Hi Allie, I can see that your mother's inheritance was a sure turning point, and also your leaving your first husband; but was getting married the first time a true turning point, in that it changed your life in a way that influenced everything that came after? Having the ability to fight through tough times is part of one's character, I would say. (Personal opinion only, of course.) As for our vision, that's always changing, isn't it.
Going to Vilcabamba may have been another turning point for you - but maybe that followed on from some earlier decision. What prompted you to go there? My son and his girlfriend were on the hippy trail down there for a time 16 years ago, and my wife (his mother) visited them there. Becoming a hippy could be considered a turning point of his life, but I that decision really just followed his random decision a couple of years earlier, to "turn left at Galveston". But I could be wrong about that, too! Maybe even that had its genesis in dropping out of college years before that.
Hi there Gordon,
I didn't get married to him. I was at the time in my life when I was looking for a serious and long-term relationship, in which case I gave way too much devotion to someone who inevitably did not have my best interest in mind nor did he have self-control over his emotions, which was derived from his childhood trauma. Basically, I was naive at the time, thinking that love itself could change things around [possibly it can, but not with him], but still ironically love did change things around for me, but it just wasn't "my egoic vision" with him, but another type of love and healing revealed itself to me later from my own open heart. For the first time, I poured my everything into someone, but I believe that eventually that man would have killed me [he had major anger issues]. You could say it was a very character building scenario. I even ended up being homeless for several months as well, after my dog died and a roommate off craigslist bailed on rent in the same month. That was another turning point and character building moment. Truly, I was way too trusting of other people, which was my real problem.

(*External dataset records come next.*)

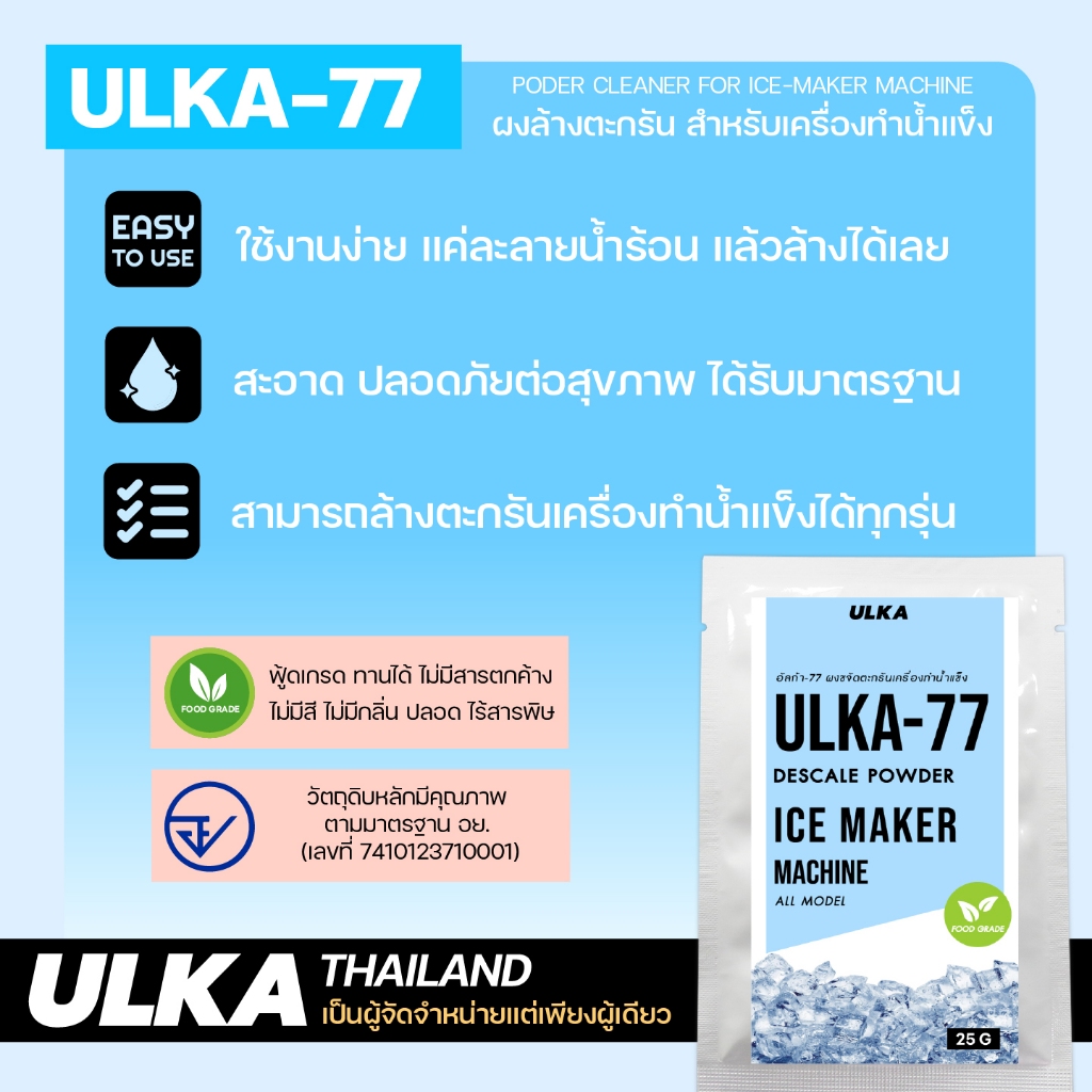 น้ำยาล้างตะกรัน ฟู๊ดเกรด ULKA 77 ผงล้างตะกรัน น้ำยาล้างคราบ หินปูน เครื่องทำน้ำแข็ง ปลอดภัยต่อสุขภาพ (ขอบิล ทักแชท)
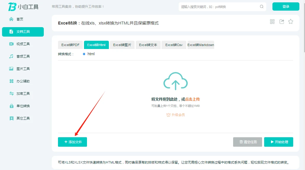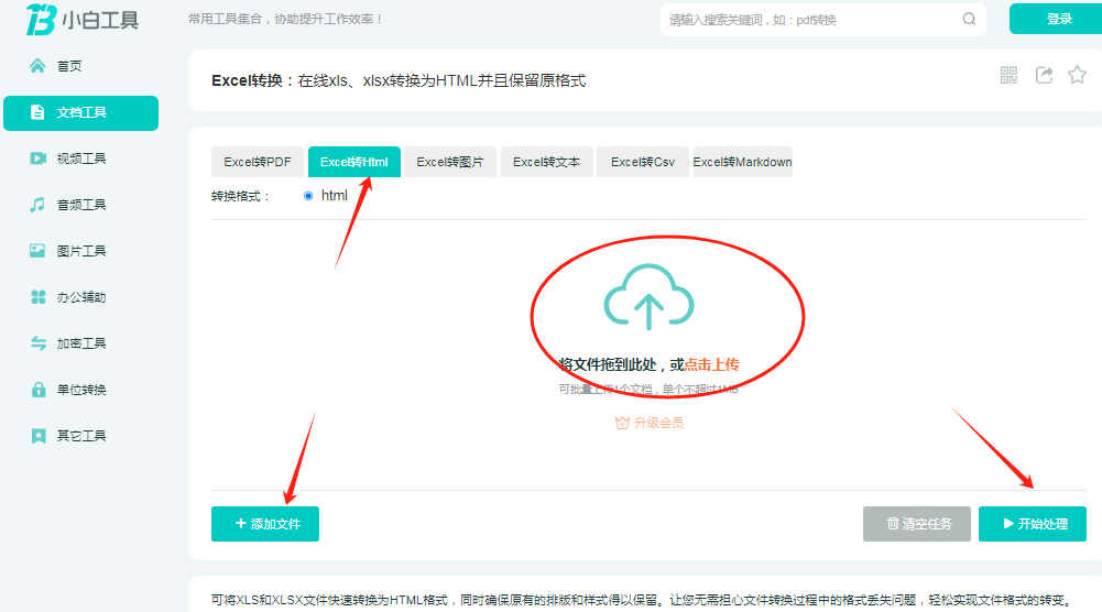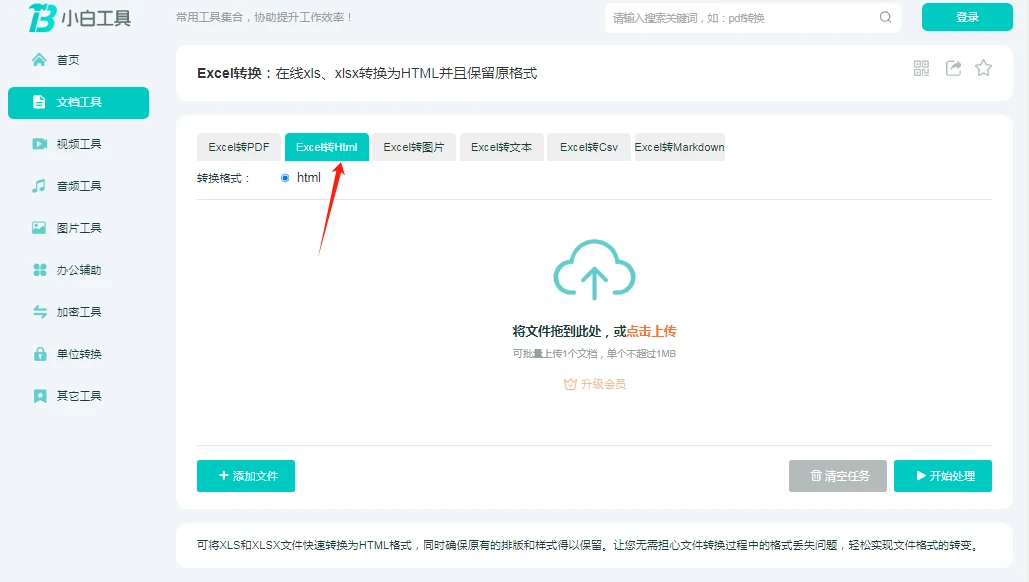 选择转换功能:在页面上轻松找到“Excel转Html”选项,该选项明确标识了支持在线将xls、xlsx转换为HTML,同时会保留原格式。
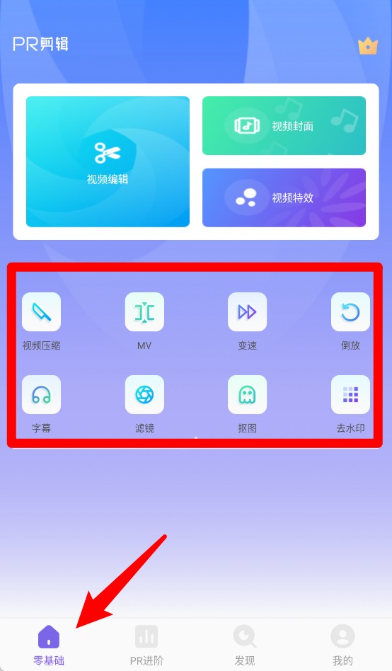 1、在“零基础”页面可使用视频压缩、加字幕、滤镜变速等功能,适合新手快速上手视频制作。
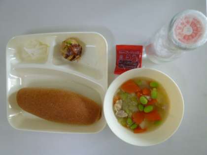 今日の献立は、たこボール、洋風煮、大根のピクルス、ライ麦パン、いちごジャム、牛乳でした。
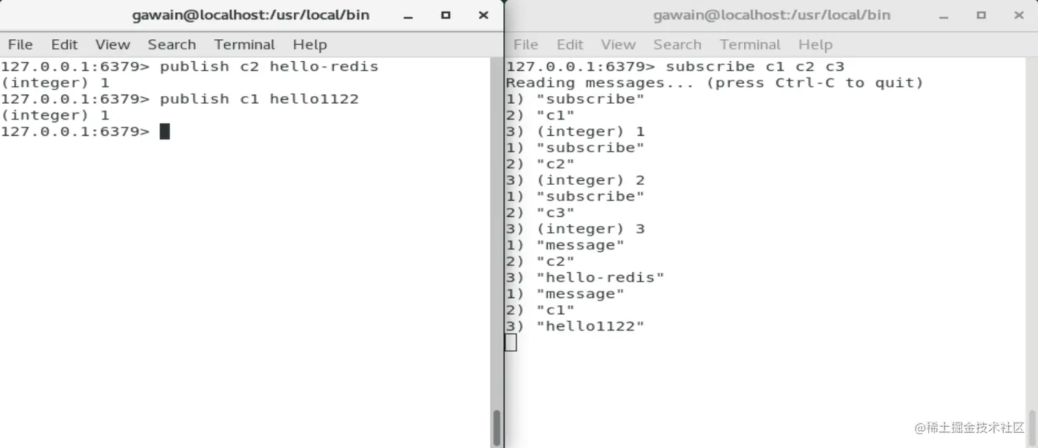- 在另外一个客户端中分别向c2,c1等频道发送消息

Also, I went to Lima, Peru, not Vilcabamba yet [I've researched and read on Vilcabamba for years, but it's a plan to go and feel it out]. My initial attraction to Vilcabamba was due to the expat scene there and the beauty, but honestly I've really outgrown that "hippy mindset" in many ways. I'm less of a hippy and more of an open-minded person, with the belief that people should live their lives as they please, but always with respect to others. I did, however, at one point have a truck camper with plans to live and travel around the USA, but it was terribly hot and parking via campsites was much more expensive than anticipated, plus the truck ended up breaking down. Regardless, I originally went to Peru with intentions to stay for a while, sold everything of mine, but that same boyfriend was way too afraid to step outside of his comfort zone and find a job. Instead, I flew back to the states and continued the relationship [sad face]. Another turning point, haha! I more closely notice red flags in people now versus viewing traits as weaknesses or "character flaws." Seeing a person's potential is one thing, but seeing things for what they actually are is the real truth.